We began with the spoken prologue (given in Hungarian by an uncredited speaker) over the sound system, with Gardner and the orchestra creeping eerily in. Throughout the performance Gardner relished the sophisticated potential of Bartok's orchestration, the rich palette of detailed colours, the intricacies of textures.
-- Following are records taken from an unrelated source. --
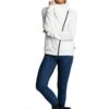 Na co dzień w domu, na spacer, czy jogging, zawsze gdy potrzebujesz założyć coś ciepłego i wygodnego sportowa bluza jest najlepszym wyborem. Nasza propozycja ma wysoki kołnierz z ciekawym drapowaniem oraz kontrastowy, ukośnie wszyty zamek. Po bokach kieszenie wsuwane.
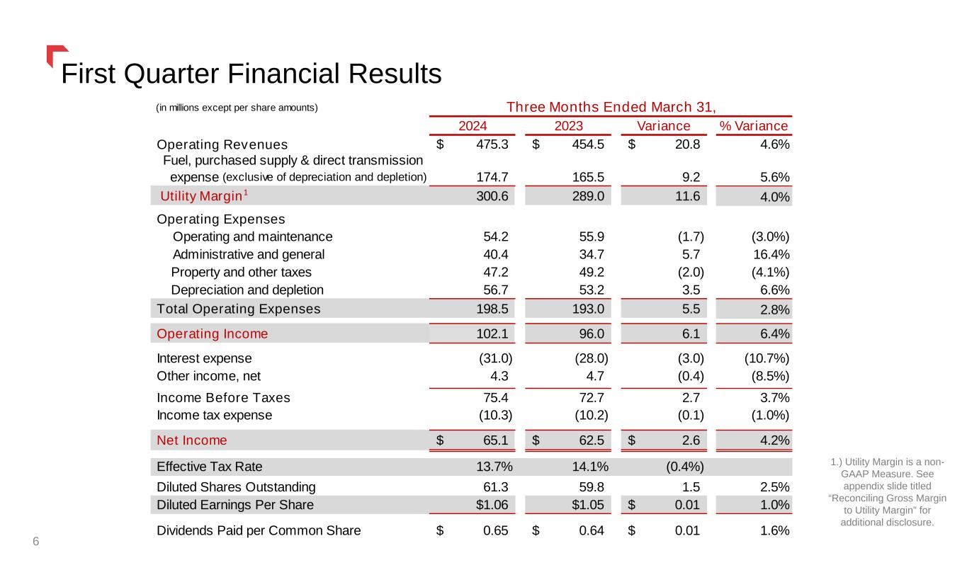 We define Utility Margin as Operating Revenues less fuel, purchased supply and direct transmission expense (exclusive of depreciation and depletion) as presented in our Consolidated Statements of Income. This measure differs from the GAAP definition of Gross Margin due to the exclusion of Operating and maintenance, Property and other taxes, and Depreciation and depletion expenses, which are presented separately in our Consolidated Statements of Income. A reconciliation of Utility Margin to Gross Margin, the most directly comparable GAAP measure, is included in the press release above.
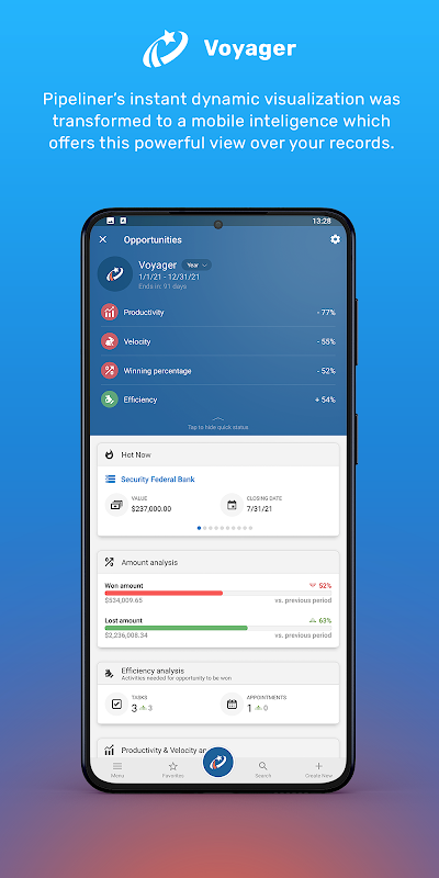 Xem tất cả danh bạ, tài khoản, khách hàng tiềm năng, cơ hội, nhiệm vụ và cuộc hẹn hoặc tin nhắn nguồn cấp dữ liệu - mà không cần chuyển đổi giữa Pipeliner CRM và thiết bị Android của bạn.
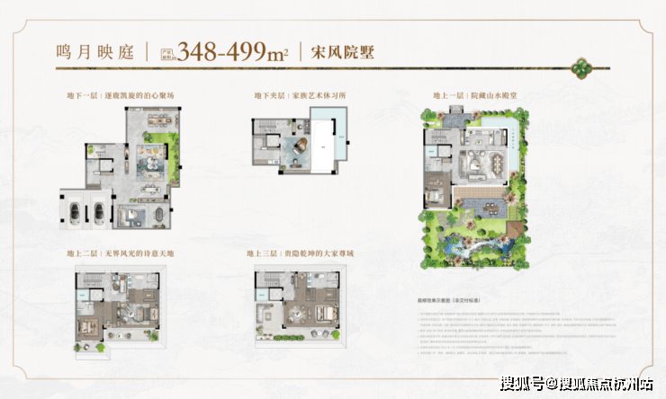 在合院产品中,开创性引入 “一宅六院” 设计,构建出地下挑高光院、南向诗意庭院、北向入户礼院、二层观景静院、三层巨幕心院、三层露台星院。
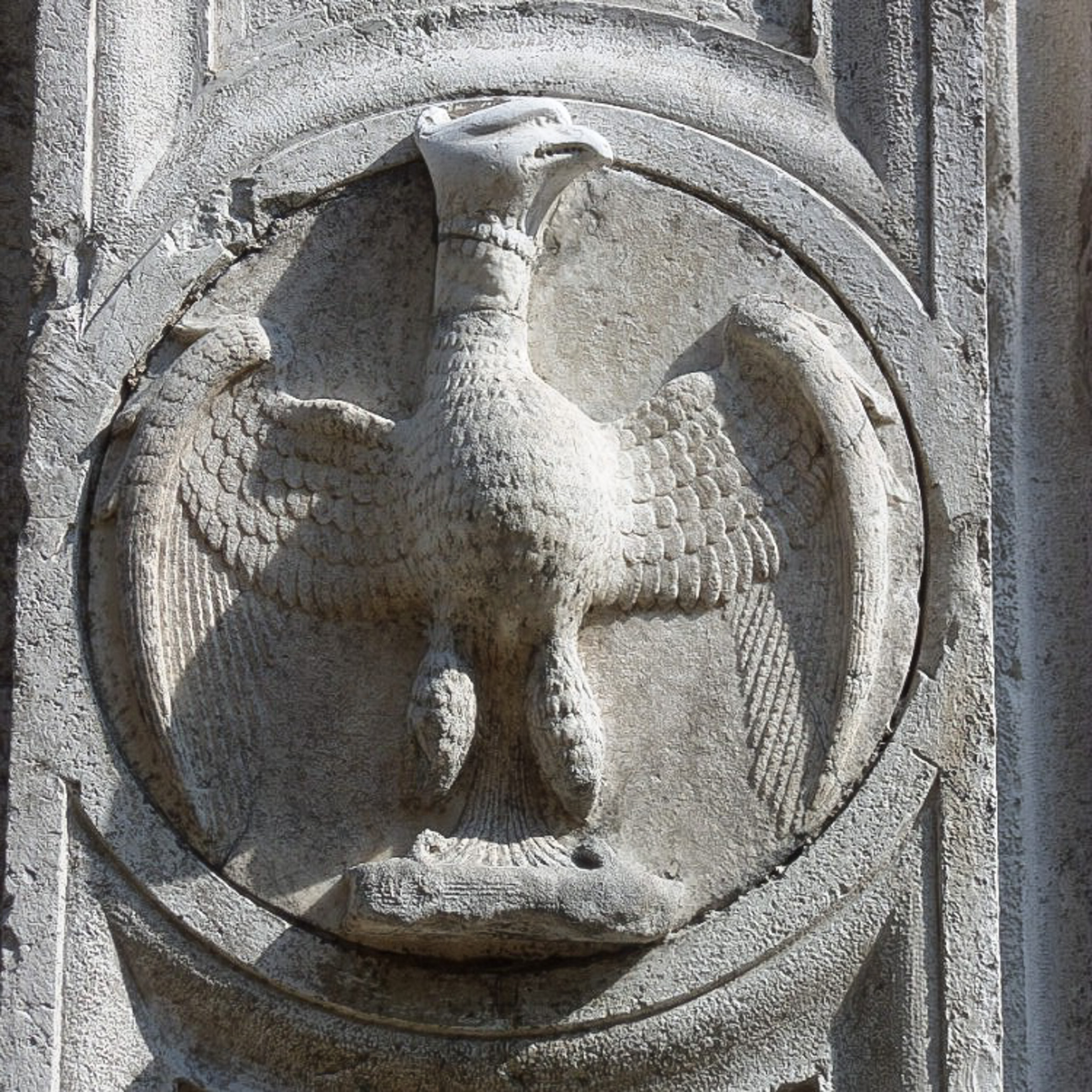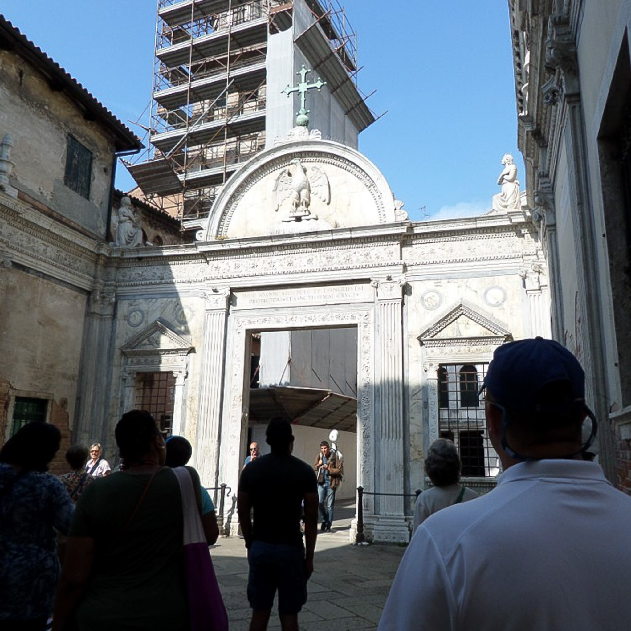Multiple photos are associated with this record. Please click the links to view all of the items in the series. One photo shows the portal to the San Giovanni Evangelista in Venice, Italy. Venice (in Italian: Venezia) is a city in northeastern Italy that is built on a group of 126 islands separated by open water and canals, linked through 472 bridges. The historical island city is home to only 51K people, but a very popular tourist destination with about 60K tourists per day. A UNESCO World Heritage Site, it is renowned for its beauty, architecture, and artwork. The San Polo district is in the heart of the main island of Venice, near the Rialto Bridge and the Rialto Market. It is the smallest district and one of the oldest in the city. San Giovanni Evangelista is a small square in San Polo containing the Scuola Grande of the same name, one of the oldest fraternities of men in Venice. The central arch of the portal is generally attributed to Pietro Lombardo, ca. 1481. The eagle sculpture is a symbol of St. John the Evangelist, which helped Renaissance Venetian men to know which scuola they were entering. An additional photo in this series also seems to be a relief sculpture of an eagle on the exterior of a building.

As each door was opened, the orchestra's role was not simply descriptive, in Gardner's hands it became a third character in the psychodrama.

Komlósi was a mature Judith, not girlish but deferential, yet still determined and endlessly questioning, her head down but asking those awkward questions. And of course, constantly discovering the blood that lies behind each of the visions in the seven doors. As the opera progressed we could feel Judith's progression from curiosity, to determination to sheer bleakness at the end when all revealed, she might be cowed by Bluebeard's stiff authority, but Komlósi was always prepared to question. Similarly, Relyea's Bluebeard started out profoundly authoritarian and military in bearing, but gradually unbended until the extent of his feeling became apparent as he realised that he was losing her. Along the way there were some terrifically intense scenes between the two, and the end was devastating with the combination of Komlósi's implacability as Judith and Relyea bringing out Bluebeard's deep feeling of loss. Neither singer indulged in extreme histrionics, yet created a sense of gripping tension between the two characters, we know what is going to happen yet they managed to have us on the edge of our seats.

Gardner and the orchestra brought out the sheer seductiveness of Bartok's score, the moments such as the garden, when all is elaborate beauty and of course the majesty of glorious climax, yet each time the progress of the more disturbing elements was insidious. 

This was a thrillingly gripping performance, the two singers in total command and singing without scores, responding to each other and creating real tension, which was mirrored, echoed and commented upon by the orchestra.